Association between abnormal electrocardiogram and less complex heart rate variability estimated by the correlation dimension

 

C. Lerma, M.A. Reyna, R. Carvajal

 

 

Objective: To compare the correlation dimension (CD) of heart rate variability (HRV) in adults with and without abnormal electrocardiogram (ECG).

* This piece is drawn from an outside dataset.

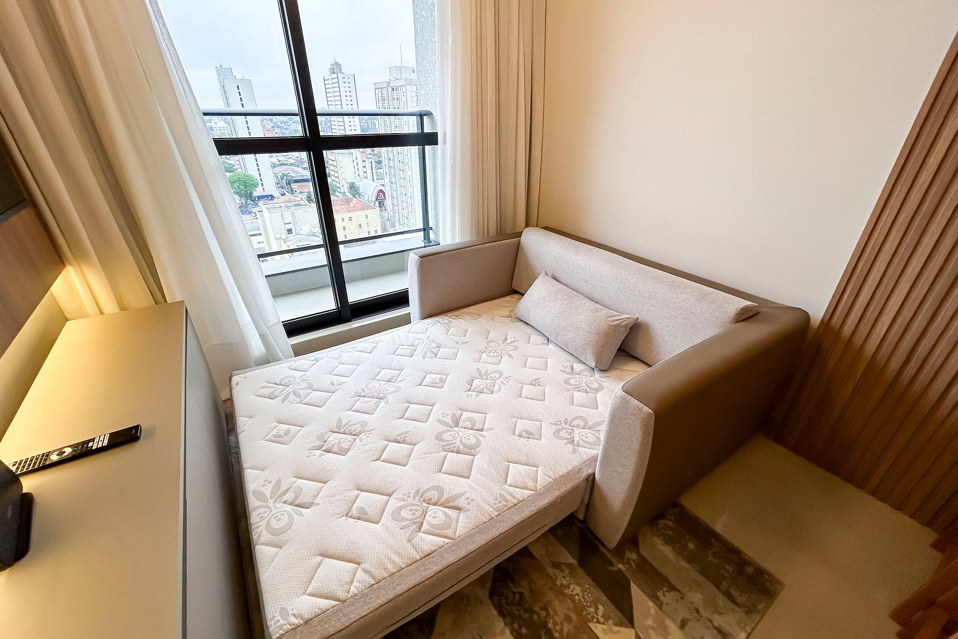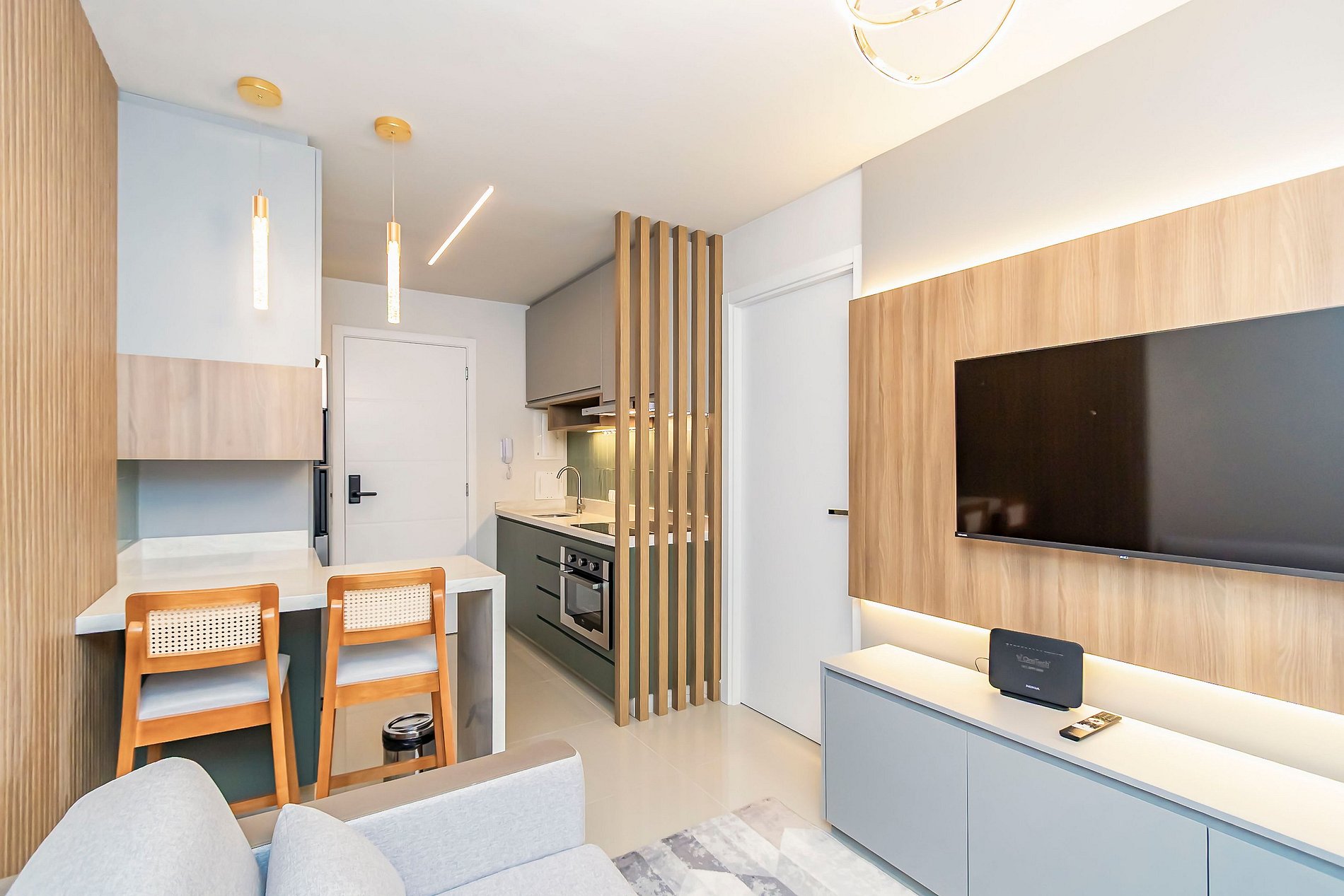 Apartamento novo de 1 quarto, finamente decorado e super completo, ideal para até 4 pessoas. O espaço foi planejado para oferecer conforto e praticidade, com ambientes modernos e aconchegantes. Conta com cozinha equipada, sala com sofá-cama e todos os itens necessários para uma estadia agradável. Além disso, dispõe de vaga de garagem exclusiva, garantindo ainda mais comodidade. Perfeito para quem busca bem-estar, estilo e conveniência em Curitiba.

Methods: A 24-hr Holter and a standard ECG were recorded from 100 university workers. After exclusion of 10 recordings with more than 5% of false RR intervals, a total of 90 subjects (age 46.2 ± 8.7 years old, 45 were women) were included in the study. Two cardiologists classified 29 standard ECG as abnormal. CD was calculated from HRV time-series of 10,000 beats in the morning (from 11am), afternoon (from 5pm) and night (from 2am). Demographical characteristics were compared by ANOVA (considering ECG diagnosis and sex as independent factors) or by Fisher's exact test. Mean CD values were compared by analysis of variance considering as independent factors the ECG diagnosis, sex and time of day.

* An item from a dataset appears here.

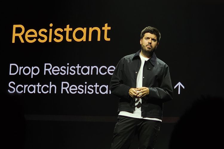 KOMPAS.com/Lely Maulida PR Manager Realme Spanyol,Alvaro Membrillera saat mempresentasikan Realme GT 6 di acara peluncuran ponsel flagship anyar mereka di Milan,Italia,Kamis (20/6/2024).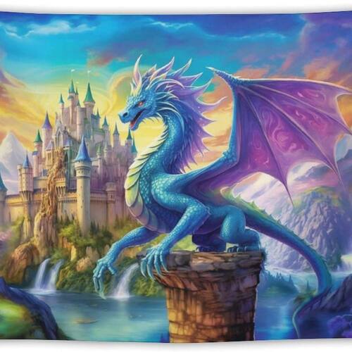 Material: fibra de poliéster (poliéster) Tamanho: 150 cm × 130 cm Peso: 260 g Tema do dragão de conto de fadas: apresenta um dragão azul vibrante com asas roxas guardando um castelo majestoso, criando uma atmosfera mágica e caprichosa. Tecido de poliéster durável: feito de poliéster de alta qualidade, leve, resistente a rugas e fácil de dobrar ou armazenar para uso a longo prazo. Decoração colorida de arte de parede: ilustração de fantasia brilhante e detalhada, perfeita para quartos, dormitórios ou espaços divertidos para crianças. Tamanho ideal: mede 150 cm x 130 cm, adequado para decoração de parede, pano de fundo ou divisória de ambiente, adicionando um toque animado e criativo aos interiores. Fácil de instalar e manter: o design leve facilita a suspensão com ganchos ou tiras adesivas, lavável à máquina para facilitar o cuidado e a reutilização.

Results: All demographical characteristics were similar except for a higher proportion of males with abnormal ECG (69%) than with normal ECG (41%). CD was not different with respect to the time of day, but it was higher in subjects with normal ECG (10.86 ± 2.41) than those with abnormal ECG (10.20 ± 2.48), and it was also higher in females than males: 11.04 ± 2.14 versus 10.63 ± 2.71 (normal ECG group), 10.84 ± 2.41 versus 9.92 ± 2.44 (abnormal ECG group). Conclusion: The finding of abnormal ECG is associated with HRV decreased complexity in adults.